Looking at the data in Table 3 where China was perceived as the most influential economic power in Southeast Asia, it is clear that recognition of China's economic strength coexists with concerns about its influence. For instance, while a high percentage of respondents in 2022 saw China as the leading economic power, the data from Table 6 shows that a majority were simultaneously worried about its influence. Table 4 complements this understanding by showing a similar pattern of concern and acceptance towards China's economic influence. The data from 2023 in Table 4 were consistent with Table 6, showing the majority is worried about China's influence alongside a significant minority that welcomes it. Table 5 shifts the focus to political and strategic influence, where China's dominance is less pronounced compared to its economic influence. In 2023, only 41.5 percent of Southeast Asians viewed China as the most influential in political and strategic terms, suggesting that while China's economic influence is acknowledged and caused concern, its political influence is perceived with more skepticism.
IN comparison, the US is generally viewed more favorably. Tables 4 and 6 show lower levels of concern and higher levels of acceptance towards the US' growing influence. This is particularly evident in the results shown in Table 6, where the percentage of respondents worried about the US' influence is consistently lower than those concerned about China. Overall, these table collectively illustrate that while China is recognized as a significant economic and political force in Southeast Asia, this comes with considerable apprehension among Southeast Asians. The US, while perceived as less dominant in influence, tends to be viewed more positively, indicating a complex landscape of regional perceptions that are crucial for understanding the dynamics of great power rivalry in the region.
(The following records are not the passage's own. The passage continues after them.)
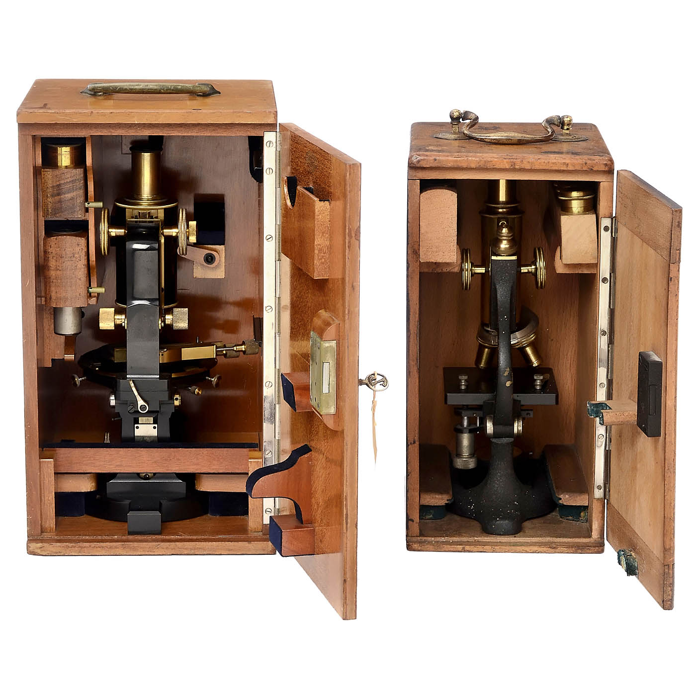 1) Carl Zeiss, Jena, c. 1906, no. 51108, large Zeiss stand No. I, early model with fine adjustment according to Berger, combined rotating and mechanical stage no. 5577, Abbe condenser, swivelling iris diaphragm, double mirror, tube with dovetail for holding the objectives, height 12 ¼ in., with 6 eyepieces, in matching mahogany case with Zeiss key. - Literature: Schmitz, "Handbuch zur Geschichte der Optik", supplementary volume IIA, Bonn 1989, p. 194. - And: 2) F. Koristka, Milan, c. 1920, no. 32289, black-painted horseshoe base, double mirror, height-adjustable condenser with iris diaphragm, triple turret, coarse and fine adjustment, height 11 3/5 in., with 3 eyepieces and 3 objectives, in matching case.
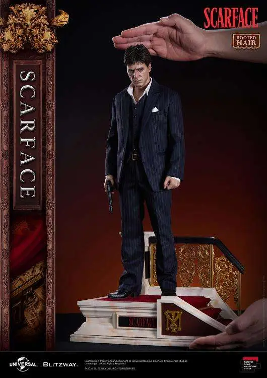 With lavish golden railings, plush red carpet stairs, and Tony Montana's poised figure, Blitzway’s "Scarface" captures the nuanced moments of contrast in his expressions. Available in both Standard and Rooted Hair Versions.
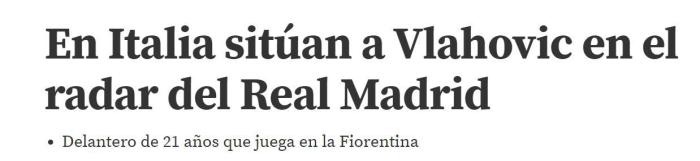 直播车讯 据西班牙媒体《世界体育报》援引意大利媒体Fiorentinanews报道,皇马持续关注佛罗伦萨的00后小将弗拉霍维奇。
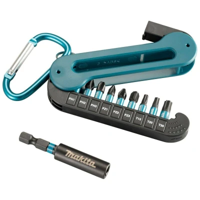 General description Makita has launched its latest accessory series for impact drivers – the Impact Black range. This high durability range is designed for professional use, featuring a unique black coating that prevents rusting and ensures longevity. The Impact Black screw bits are 20% more durable than standard screw bits, which helps lower ongoing maintenance and replacement costs. Technical specifications Set includes: PH1, PH2, PH3, PZ1, PZ2, PZ3, T15, T20, T30 Magnetic Bit Holder: 60mm Case dimensions: Length: 100mm, Width: 38mm, Height: 16mm Compatibility and accessories Suitable for impact wrenches due to high torque Includes a handy plastic holder with carabiner for easy transport Usage Absorbs hard impacts when screwing screws or placing the screw head on the surface Compact set for excellent portability, can be easily stored or carried in a pocket
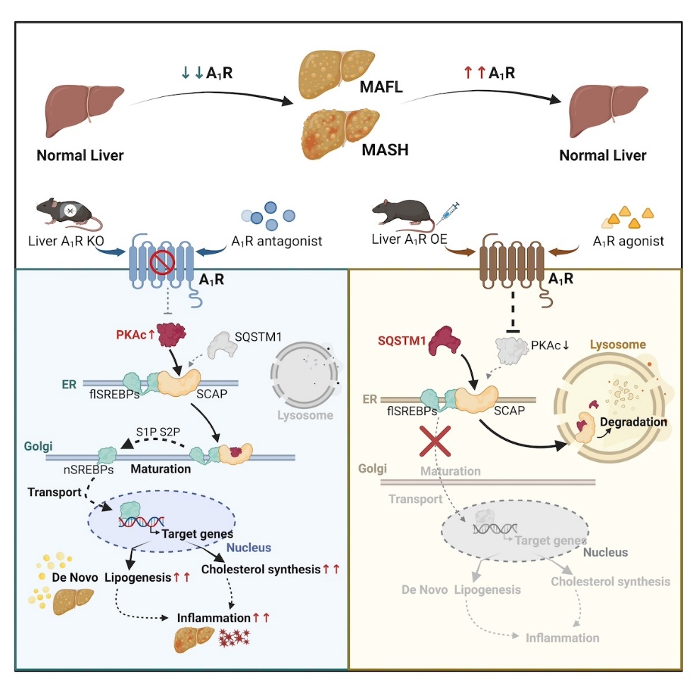 代谢功能障碍相关脂肪性肝病(MAFLD)是最常见的慢性肝病。MASH是MAFLD的临床进展阶段,表现为明显的肝损伤、炎症浸润和肝纤维化,针对MASH的治疗是逆转MAFLD的关键窗口期。A1R属于G蛋白偶联受体(GPCRs)超家族,主要分布在中枢神经系统和外周器官。肝脏A1R在生理条件下表达较弱,以往研究表明肝脏A1R信号异常与酒精性脂肪肝、肝纤维化、肝内胆汁淤积等肝病密切相关。然而,肝脏A1R在MAFLD中的确切作用和机制仍不清楚。
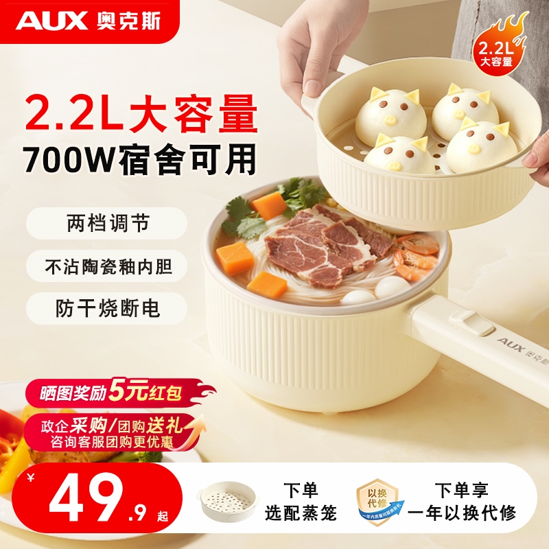 厨房电器 奥克斯电煮锅一体锅多功能小型2人宿舍泡面不沾小电锅蒸煮一体到3

6. Comparative Analysis: Kingmaker and Legitimacy in Action
6.1 Economic legitimacy
Economic legitimacy in Southeast Asia for China and the US is a multifaceted phenomenon shaped by trade volumes, FDI patterns, and public perceptions. Together, these dimensions demonstrate how each power establishes influence and sustains its indispensability in the region. While the US often appears to offer more tangible benefits, such as trade surpluses and governance-aligned investments, China's perception as the dominant economic power in Southeast Asia remains higher. This paradox is rooted in a combination of scale, proximity, strategy, historical ties, and the narrative each power adopts in engaging with the region.
China's dominance in trade and economic ties is a key pillar of its economic legitimacy. As Southeast Asia's largest trading partner, China has consistently surpassed the US in total trade volumes. In 2022, Southeast Asia's trade with China reached USD 722.1 billion (imports of USD 431.3 billion and exports of USD 290.8 billion), far exceeding its trade with the US, which totaled USD 420.5 billion. However, this relationship comes with a persistent trade deficit for Southeast Asia, which has grown over the years, reaching USD 140.5 billion in 2022. China's dominance as a supplier of manufactured goods, machinery, and electronics underscores its indispensability in fulfilling Southeast Asia's industrial and consumer needs (Bijian, 2005; Brooks & Wohlforth, 2016). At the same time, Southeast Asia's exports to China-primarily raw materials and intermediate goods-highlight its structural role in supporting China's manufacturing supply chains (Allen et al., 2003). This trade dynamic, while fostering economic interdependence, raises concerns about over-reliance on Chinese imports. Yet, public perception surveys consistently identify China as the most influential economic power in Southeast Asia. In 2023, 59.9 percent of respondents in the region acknowledged China's economic dominance, even though this marked a decline from 76.7 percent in 2022. The high perception of China's economic role is largely due to its scale of engagement and ability to integrate itself deeply into the region's economic fabric.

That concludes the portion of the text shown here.